**WORK ORDER**
Could you reproduce every entry as it stands, leaving the pictures behind?

━━━━━━━━━━━━━━━━━━━━━━━━━━━━━━

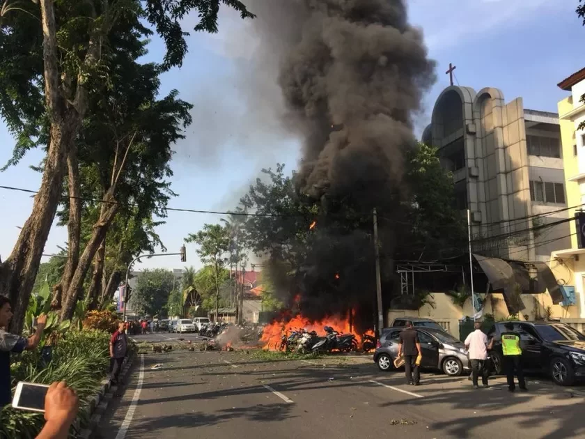 Первый взрыв в воскресенье, 13 мая, прогремел рядом с католической церковью Святой Марии в городе Сурабая на острове Ява в 7:15 утра по местному времени (разница с Минском — 2 часа), последующие два взрыва произошли с интервалами около пяти минут в том же городе. Второй взрыв прогремел в протестантской церкви, третий — в церкви пятидесятников.
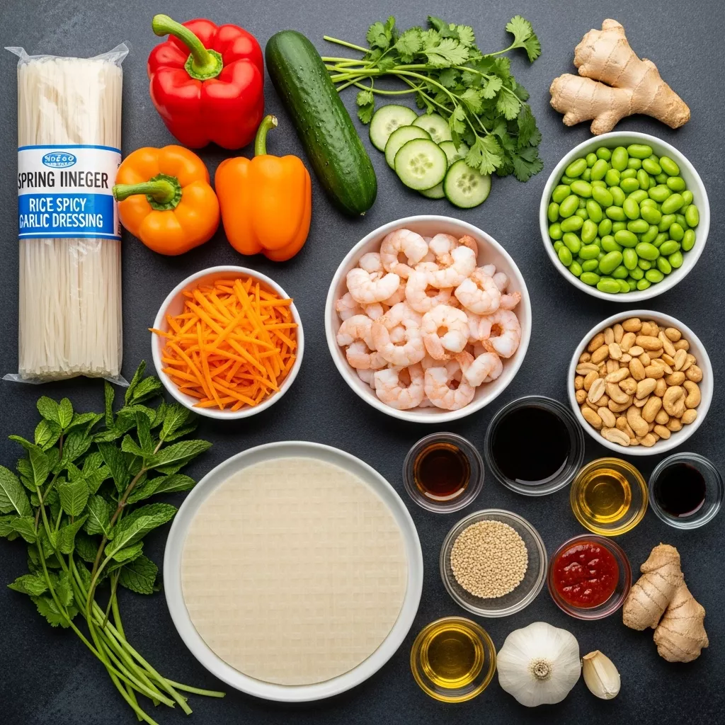 In a large bowl, combine the cooked rice noodles, sliced red bell pepper, sliced orange bell pepper, sliced cucumber, shredded carrots, cilantro, mint, edamame, and optional cooked shrimp or grilled chicken. The more colorful the veggies, the better!
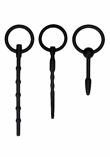 Ouch Urethral Sounding Plug Set Black from Shots Toys. The Ouch! Urethral sounding Plug Set is comprised of 3 phthalate free high grade smooth medical silicone dilators, which can be used incrementally for urethral play. They can be used to create immense stimulation and to gradually open up new realms of pleasure. These flexible, textured dilators can produce incredible sensations and help build up strong erections and powerful orgasms. They are ideal for BDSM play and especially for creating medical play experiences. Each of the dilators has a different size and texture for added sensation and a gentle transition from one size to the next. See specifications for exact sizes on the box. The ring pull design offers the security of easy removal. Warning: If not conducted carefully, sounding carries a risk of irritation, tearing of the urethra, or of urinary tract infection. Size dilators small 4.5 diameter, 3,5 inner diameter, 5,2 insertion length.
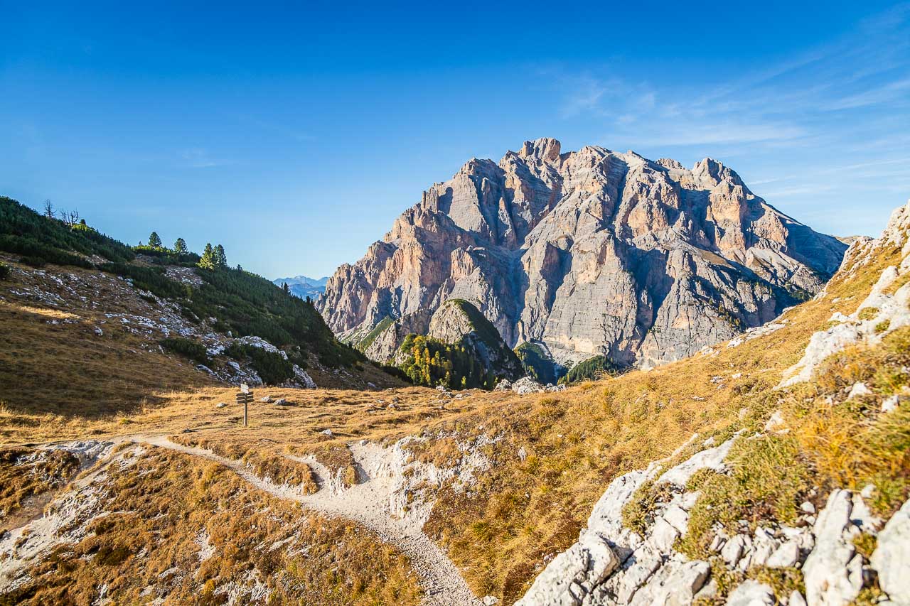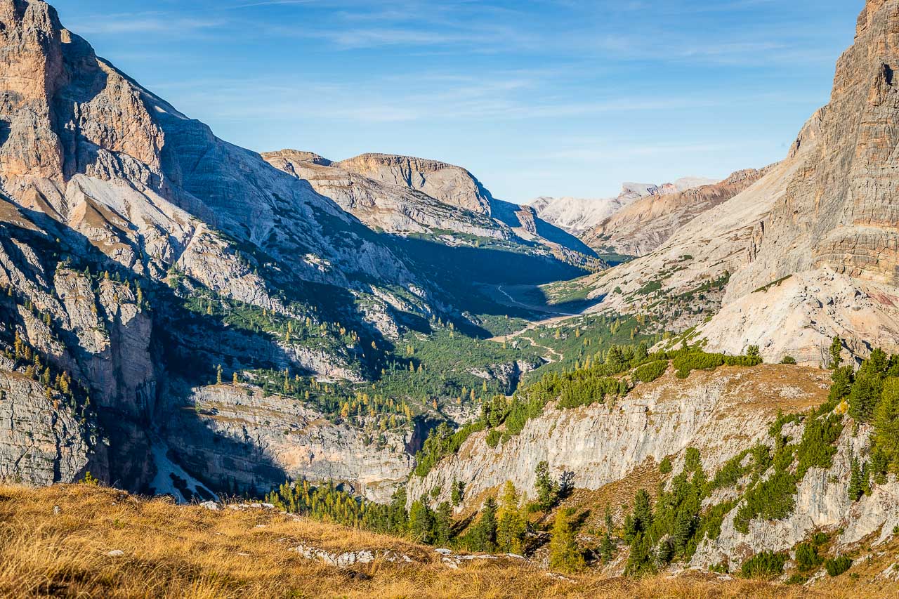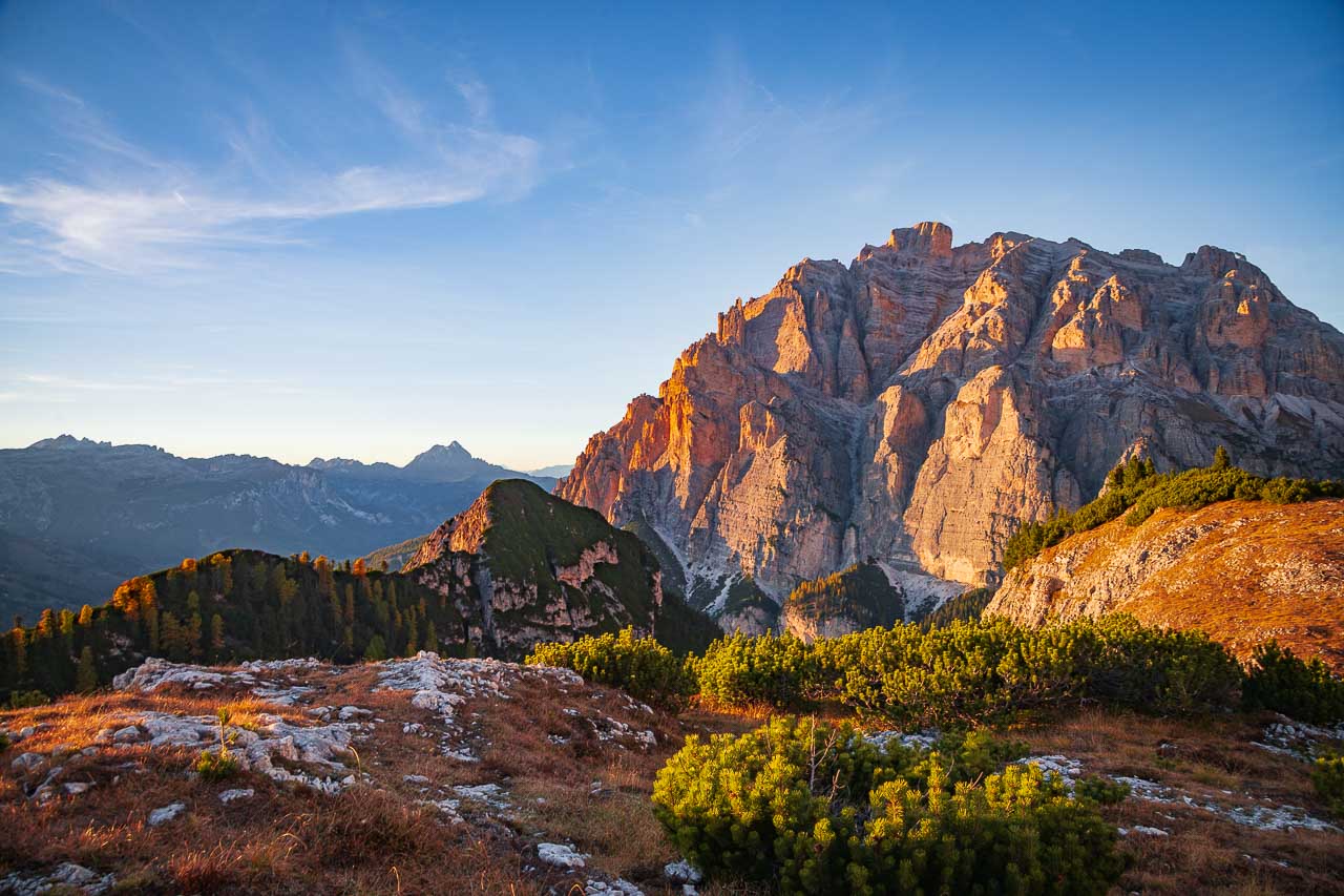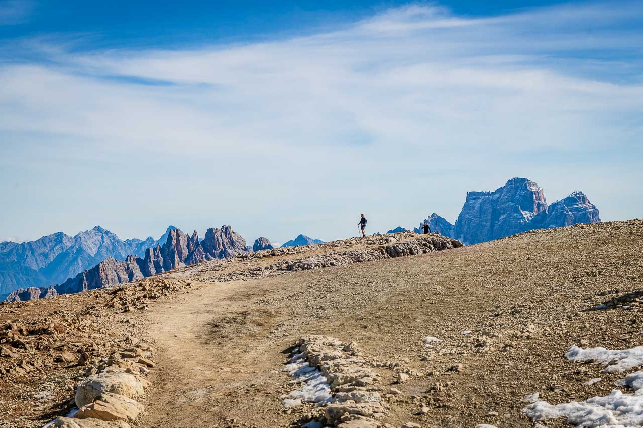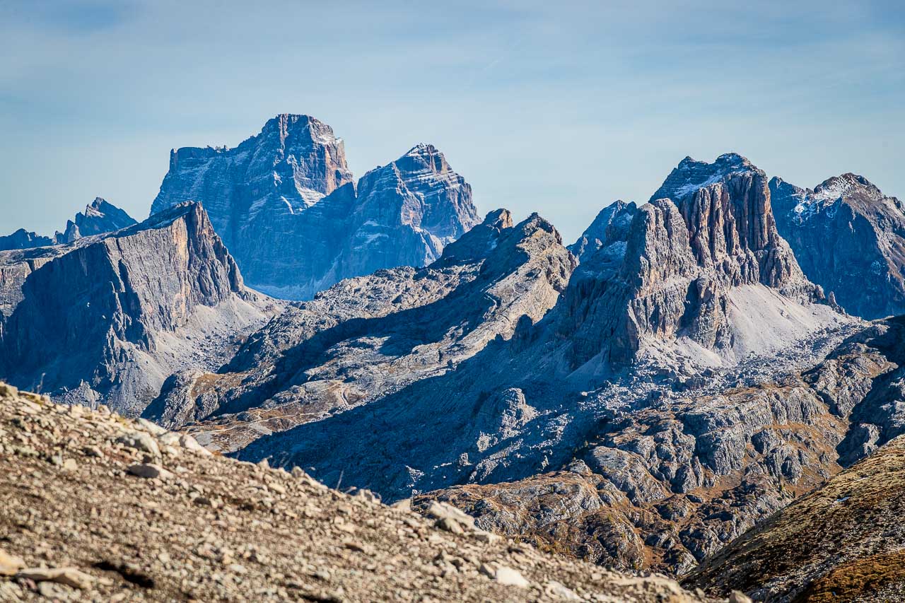 Über dem Valparola-Pass schimmern die Gipfel im letzten Nachmittagslicht. Nach rechts schweift der Blick über den Setsas und den Sellastock hinüber zum Grödner Joch, weiter über die Gipfel der Puezgruppe mit dem davor aufragenden Sassongher und hinauf in den nördlichen Teil des Gadertals bis zur Nordgrenze der Dolomiten, die vom Peitlerkofel markiert wird. In der Drehung weiter folgen die zerklüfteten Conturines-Spitzen, dann der Piza dl Lech, der Piza Scotoni, der Piza de Medo, die Südliche Fanisspitze, der Lagazuoi Nord, der Lagazuoi Süd und der Kleine Lagazuoi – und schließlich der Spinarac-Grat, den wir von hier als eindrucksvollen Turm sehen. Und schon bleibt der Blick wieder am Valparola-Pass hängen.
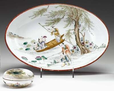 Of oval form, worked to show boys fishing to the interior, iron orange ground to the outer-wall of landscape cartouches, marked base, together with a famille rose circular paste box, showing carp and script.
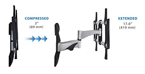 -. Binding : Wireless Phone Accessory -. Brand : Mount-It! -. Color : Silver -. EAN : 0617401054152 -. Feature : COMPATIBLE WITH MOST LCD and PLASMA TV: Fits most TV screens on the market! Recommended screen types Sony, Sharp, Vizio, LG, Westinghouse, TCL, etc. It can support a wide variety of sizes, from thirty-seven inches to seventy inch screens. VESA 200x200, 300x300, 400x200, 400x400, 600x400 (mm) / FULL MOTION TILT, EXTEND, AND SWIVEL: Articulate your TV into a more ergonomic and comfortable position for your convenience. Tilt up or down 15 degrees each way for an enhanced image quality. Pan left or right 120 degrees for optimized viewing angles. For maximum compatibility our mount extends from a low 2.13" profile to a full 17.64" / DESIGNED FOR ELEGANCE: Elegant design and structure keeps this mount looking sleek and modern. Mounting bracket comes with plastic black coverings to hide the mounting screws for a natural appearance in any home or business. Comes with a silver and black color scheme / HEAVY-DUTY CONSTRUCTION: Built from hard and heavy aluminum steel alloys that combine for a solid main structure. VESA bracket and mounting arms can support 99 LBS (45 Kg) of weight. / INSTALLATION IS EASY: Within minutes have the mount of your dreams up on the wall. It was built to keep your life simple. Install on a double stud for optimal compatible range of TV placement. We provide all of the necessary hardware and instructions necessary to assemble your wall mounting arm -. Label : Mount-It! -. Manufacturer : Mount-It! -. Model : MI-9464 -. MPN : MI-372B -. PackageQuantity : 1 -. PartNumber : MI-372B -. ProductGroup : Wireless -. ProductTypeName : WIRELESS_ACCESSORY -. Publisher : Mount-It! -. Studio : Mount-It! -. Title : Mount-It! MI-372B || TV Wall Mount Articulating Extending Tilting Swiveling for Sony Sharp Insignia Vizio Element Westinghouse TCL LG 37 39 40 42 45 47 49 50 52 55 60 65 70 VESA 200x200 300x300 400x200 400x400 and 600x400 Black and Silver -. UPC : 617401054152
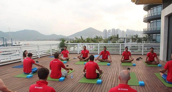 夏爾與船員一起在三亞練習(xí)瑜伽
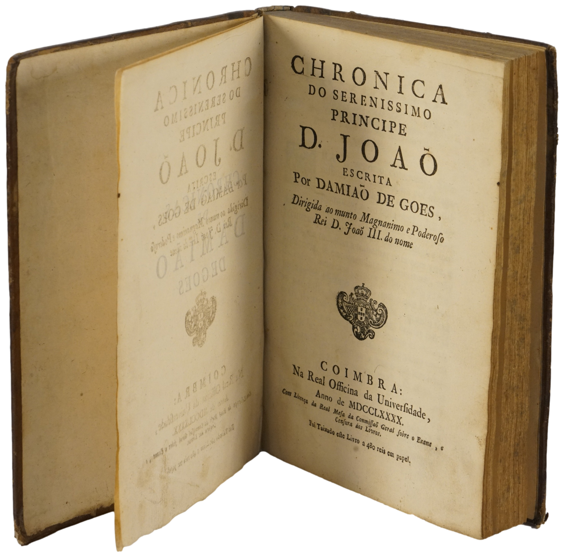 GÓIS (Damião de).— CHRONICA DO SERENISSIMO PRINCIPE D. JOAÕ escrita por Damião de Gois, Dirigida ao munto Magnanimo e Poderoso Rei D. Joaõ III. do nome. Coimbra. MDCCLXXXX.  VIII-248 págs. E.

━━━━━━━━━━━━━━━━━━━━━━━━━━━━━━

**EXPECTED OUTPUT**
 Первый взрыв в воскресенье, 13 мая, прогремел рядом с католической церковью Святой Марии в городе Сурабая на острове Ява в 7:15 утра по местному времени (разница с Минском — 2 часа), последующие два взрыва произошли с интервалами около пяти минут в том же городе. Второй взрыв прогремел в протестантской церкви, третий — в церкви пятидесятников.
 In a large bowl, combine the cooked rice noodles, sliced red bell pepper, sliced orange bell pepper, sliced cucumber, shredded carrots, cilantro, mint, edamame, and optional cooked shrimp or grilled chicken. The more colorful the veggies, the better!
 Ouch Urethral Sounding Plug Set Black from Shots Toys. The Ouch! Urethral sounding Plug Set is comprised of 3 phthalate free high grade smooth medical silicone dilators, which can be used incrementally for urethral play. They can be used to create immense stimulation and to gradually open up new realms of pleasure. These flexible, textured dilators can produce incredible sensations and help build up strong erections and powerful orgasms. They are ideal for BDSM play and especially for creating medical play experiences. Each of the dilators has a different size and texture for added sensation and a gentle transition from one size to the next. See specifications for exact sizes on the box. The ring pull design offers the security of easy removal. Warning: If not conducted carefully, sounding carries a risk of irritation, tearing of the urethra, or of urinary tract infection. Size dilators small 4.5 diameter, 3,5 inner diameter, 5,2 insertion length.
 Über dem Valparola-Pass schimmern die Gipfel im letzten Nachmittagslicht. Nach rechts schweift der Blick über den Setsas und den Sellastock hinüber zum Grödner Joch, weiter über die Gipfel der Puezgruppe mit dem davor aufragenden Sassongher und hinauf in den nördlichen Teil des Gadertals bis zur Nordgrenze der Dolomiten, die vom Peitlerkofel markiert wird. In der Drehung weiter folgen die zerklüfteten Conturines-Spitzen, dann der Piza dl Lech, der Piza Scotoni, der Piza de Medo, die Südliche Fanisspitze, der Lagazuoi Nord, der Lagazuoi Süd und der Kleine Lagazuoi – und schließlich der Spinarac-Grat, den wir von hier als eindrucksvollen Turm sehen. Und schon bleibt der Blick wieder am Valparola-Pass hängen.
 Of oval form, worked to show boys fishing to the interior, iron orange ground to the outer-wall of landscape cartouches, marked base, together with a famille rose circular paste box, showing carp and script.
 -. Binding : Wireless Phone Accessory -. Brand : Mount-It! -. Color : Silver -. EAN : 0617401054152 -. Feature : COMPATIBLE WITH MOST LCD and PLASMA TV: Fits most TV screens on the market! Recommended screen types Sony, Sharp, Vizio, LG, Westinghouse, TCL, etc. It can support a wide variety of sizes, from thirty-seven inches to seventy inch screens. VESA 200x200, 300x300, 400x200, 400x400, 600x400 (mm) / FULL MOTION TILT, EXTEND, AND SWIVEL: Articulate your TV into a more ergonomic and comfortable position for your convenience. Tilt up or down 15 degrees each way for an enhanced image quality. Pan left or right 120 degrees for optimized viewing angles. For maximum compatibility our mount extends from a low 2.13" profile to a full 17.64" / DESIGNED FOR ELEGANCE: Elegant design and structure keeps this mount looking sleek and modern. Mounting bracket comes with plastic black coverings to hide the mounting screws for a natural appearance in any home or business. Comes with a silver and black color scheme / HEAVY-DUTY CONSTRUCTION: Built from hard and heavy aluminum steel alloys that combine for a solid main structure. VESA bracket and mounting arms can support 99 LBS (45 Kg) of weight. / INSTALLATION IS EASY: Within minutes have the mount of your dreams up on the wall. It was built to keep your life simple. Install on a double stud for optimal compatible range of TV placement. We provide all of the necessary hardware and instructions necessary to assemble your wall mounting arm -. Label : Mount-It! -. Manufacturer : Mount-It! -. Model : MI-9464 -. MPN : MI-372B -. PackageQuantity : 1 -. PartNumber : MI-372B -. ProductGroup : Wireless -. ProductTypeName : WIRELESS_ACCESSORY -. Publisher : Mount-It! -. Studio : Mount-It! -. Title : Mount-It! MI-372B || TV Wall Mount Articulating Extending Tilting Swiveling for Sony Sharp Insignia Vizio Element Westinghouse TCL LG 37 39 40 42 45 47 49 50 52 55 60 65 70 VESA 200x200 300x300 400x200 400x400 and 600x400 Black and Silver -. UPC : 617401054152
 夏爾與船員一起在三亞練習(xí)瑜伽
 GÓIS (Damião de).— CHRONICA DO SERENISSIMO PRINCIPE D. JOAÕ escrita por Damião de Gois, Dirigida ao munto Magnanimo e Poderoso Rei D. Joaõ III. do nome. Coimbra. MDCCLXXXX.  VIII-248 págs. E.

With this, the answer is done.